*** Opening Extracted information ***
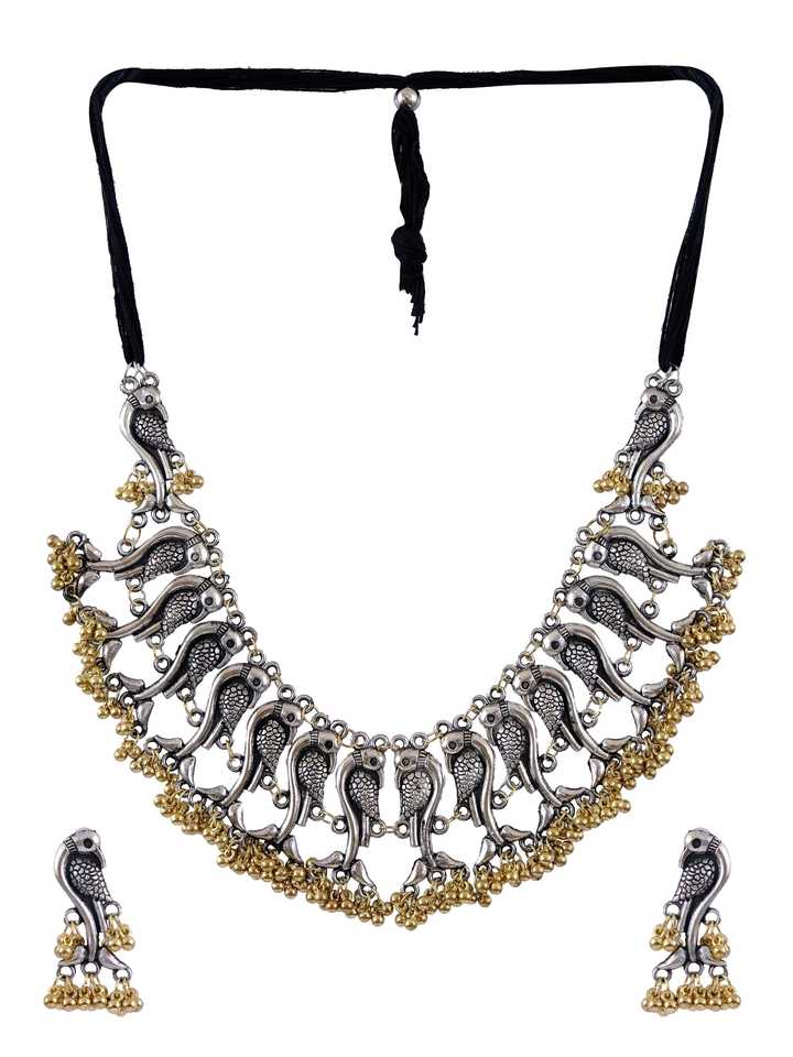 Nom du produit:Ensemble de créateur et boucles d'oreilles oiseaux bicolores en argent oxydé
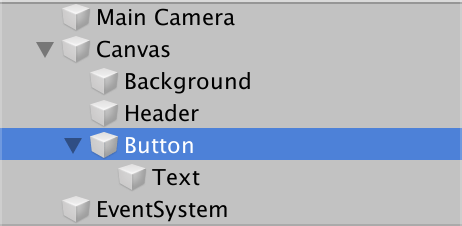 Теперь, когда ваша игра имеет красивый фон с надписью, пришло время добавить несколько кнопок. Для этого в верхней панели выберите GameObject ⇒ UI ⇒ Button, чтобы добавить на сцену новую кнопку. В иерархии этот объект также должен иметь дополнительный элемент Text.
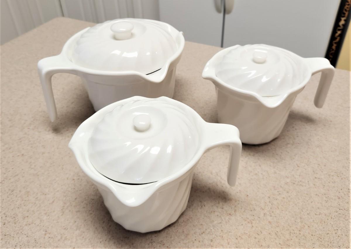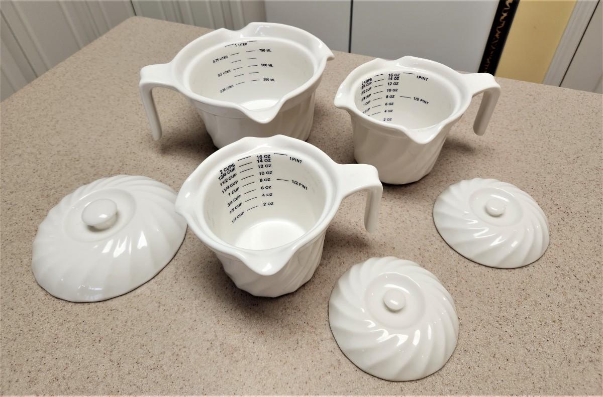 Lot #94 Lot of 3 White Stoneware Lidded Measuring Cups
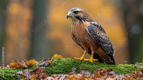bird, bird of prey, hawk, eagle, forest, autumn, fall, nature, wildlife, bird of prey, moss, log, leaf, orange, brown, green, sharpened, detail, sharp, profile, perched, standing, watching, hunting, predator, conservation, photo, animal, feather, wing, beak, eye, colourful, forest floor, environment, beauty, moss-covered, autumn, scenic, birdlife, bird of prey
*** Closing Extracted information ***
*** Opening Extracted information ***
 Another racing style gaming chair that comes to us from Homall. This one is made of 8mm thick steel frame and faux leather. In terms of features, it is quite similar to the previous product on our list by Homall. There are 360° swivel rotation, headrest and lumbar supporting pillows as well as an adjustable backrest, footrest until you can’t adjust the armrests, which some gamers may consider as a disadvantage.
*** Closing Extracted information ***
*** Opening Extracted information ***
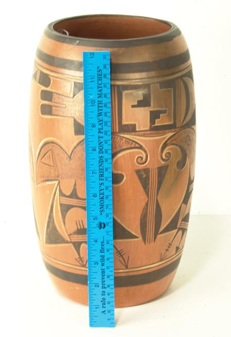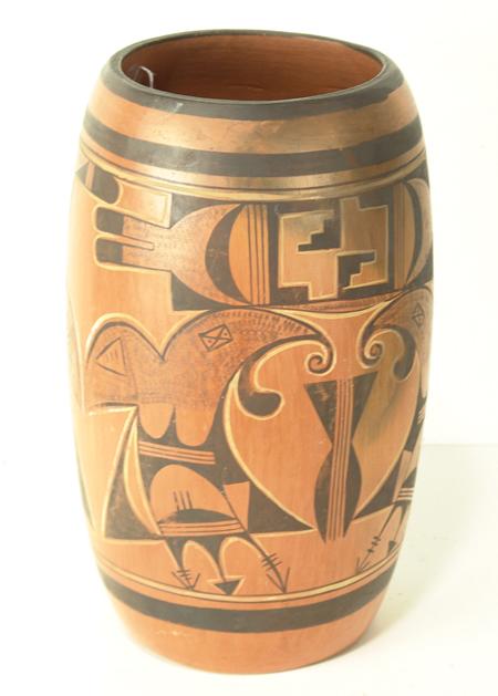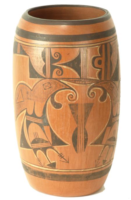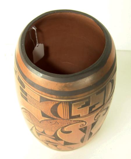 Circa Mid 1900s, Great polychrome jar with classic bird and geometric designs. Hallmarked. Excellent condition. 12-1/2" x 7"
*** Closing Extracted information ***
[What the task requires]
Transcribe, word for word, the lines of the listing above from the one that contains "Nom du produit:Ensemble" through the one that contains "Lot #94 Lot", keeping both ends and dropping the pictures.

[The completed task]
 Nom du produit:Ensemble de créateur et boucles d'oreilles oiseaux bicolores en argent oxydé
 Теперь, когда ваша игра имеет красивый фон с надписью, пришло время добавить несколько кнопок. Для этого в верхней панели выберите GameObject ⇒ UI ⇒ Button, чтобы добавить на сцену новую кнопку. В иерархии этот объект также должен иметь дополнительный элемент Text.
 Lot #94 Lot of 3 White Stoneware Lidded Measuring Cups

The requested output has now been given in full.